Comment by emp17344

15 hours ago

These are language models, not Skynet. They do not scheme or deceive.

If you define "deceive" as something language models cannot do, then sure, it can't do that.

It seems like thats putting the cart before the horse. Algorithmic or stochastic; deception is still deception.

  • deception implies intent. this is confabulation, more widely called "hallucination" until this thread.

    confabulation doesn't require knowledge, which as we know, the only knowledge a language model has is the relationships between tokens, and sometimes that rhymes with reality enough to be useful, but it isn't knowledge of facts of any kind.

    and never has been.

If you are so allergic to using terms previously reserved for animal behaviour, you can instead unpack the definition and say that they produce outputs which make human and algorithmic observers conclude that they did not instantiate some undesirable pattern in other parts of their output, while actually instantiating those undesirable patterns. Does this seem any less problematic than deception to you?

  • > Does this seem any less problematic than deception to you?

    Yes. This sounds a lot more like a bug of sorts.

    So many times when using language models I have seem answers contradicting answers previously given. The implication is simple - They have no memory.

    They operate upon the tokens available at any given time, including previous output, and as information gets drowned those contradictions pop up.

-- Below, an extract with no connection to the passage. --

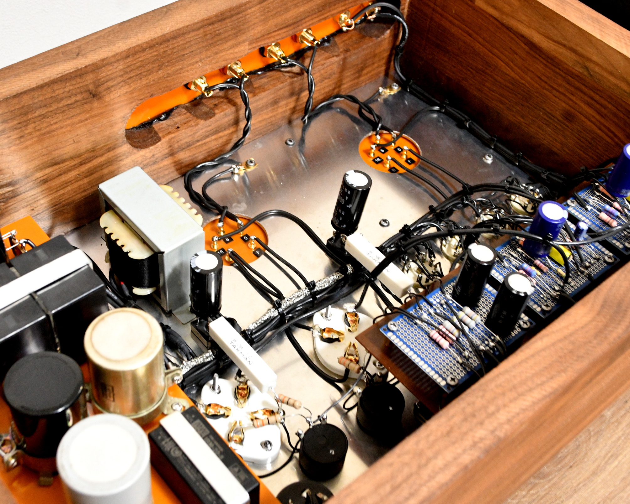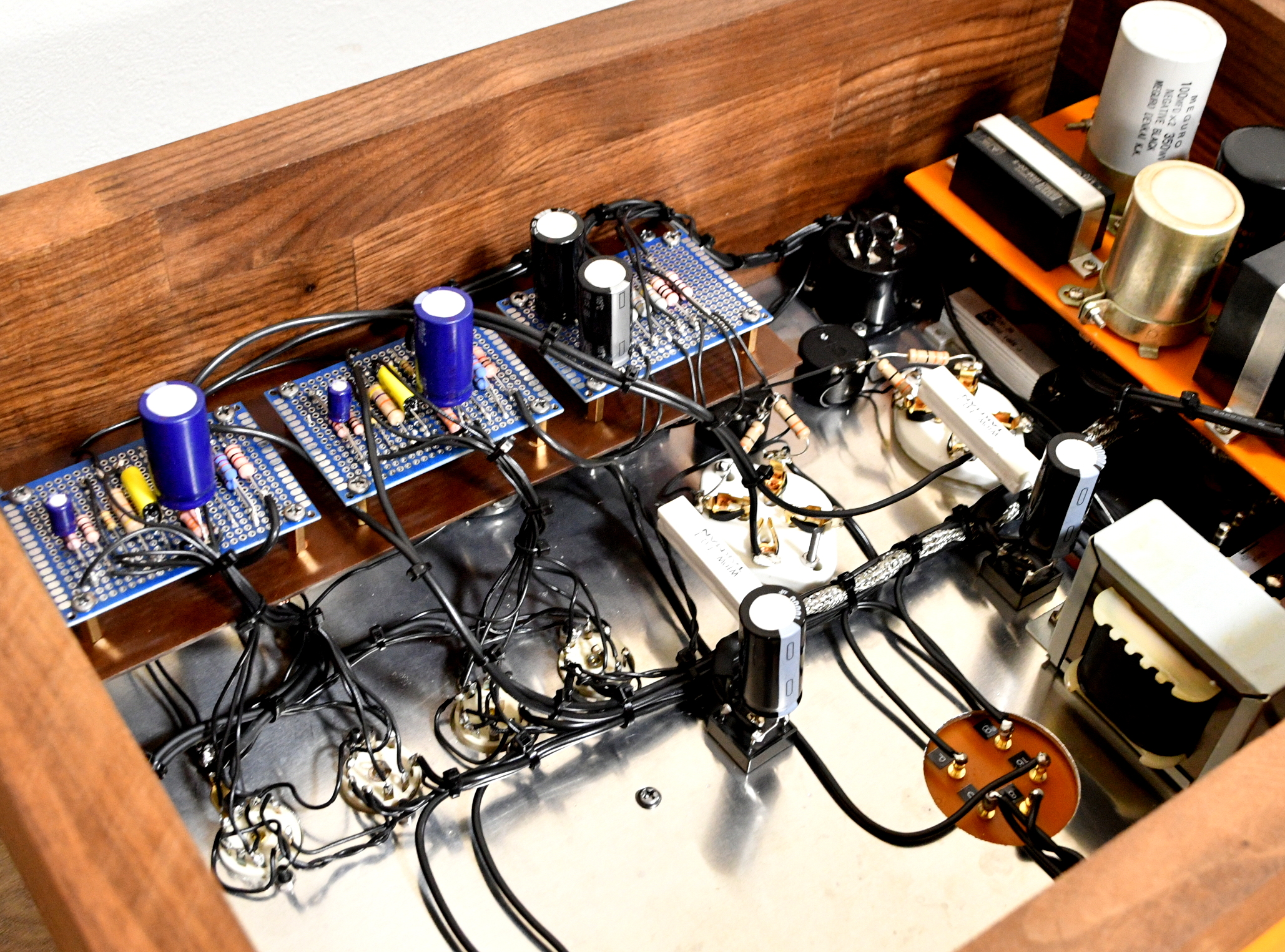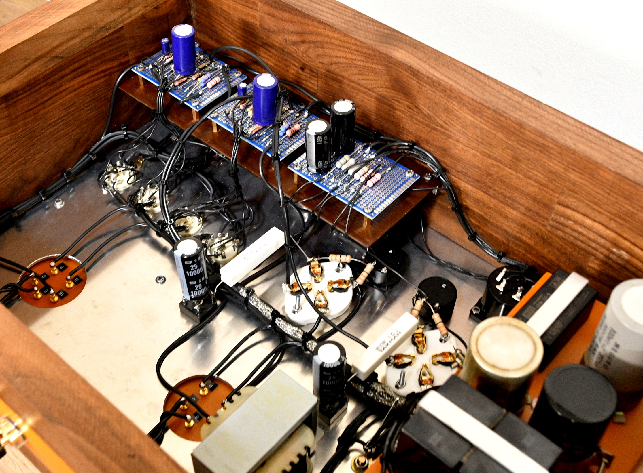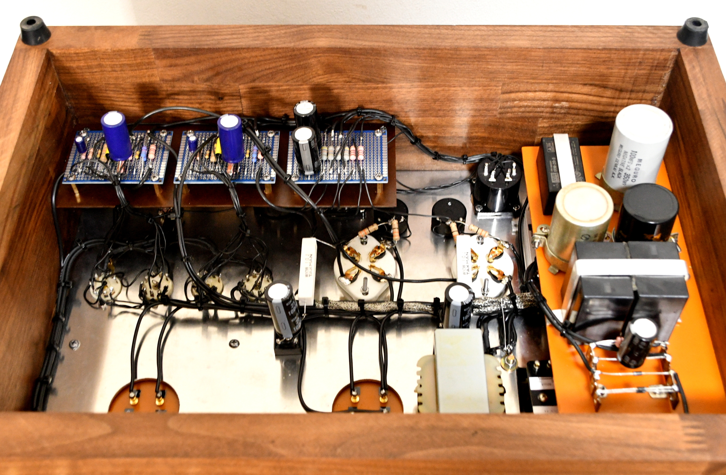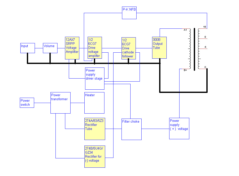 This amplifier was manufactured for Western Electric 300B tube, the current of plate was set only at 60-65mA. Prestage tube is 12AT7, driver tube is 6CG7 (or 6DJ8). Max output 12W for 300B

No sane person should presume intent to deceive, because that's not how those systems operate.

    By calling it "deception" you are actually ascribing intentionality to something incapable of such. This is marketing talk.

    "These systems are so intelligent they can try to deceive you" sounds a lot fancier than "Yeah, those systems have some odd bugs"

Okay, well, they produce outputs that appear to be deceptive upon review. Who cares about the distinction in this context? The point is that your expectations of the model to produce some outputs in some way based on previous experiences with that model during training phases may not align with that model's outputs after training.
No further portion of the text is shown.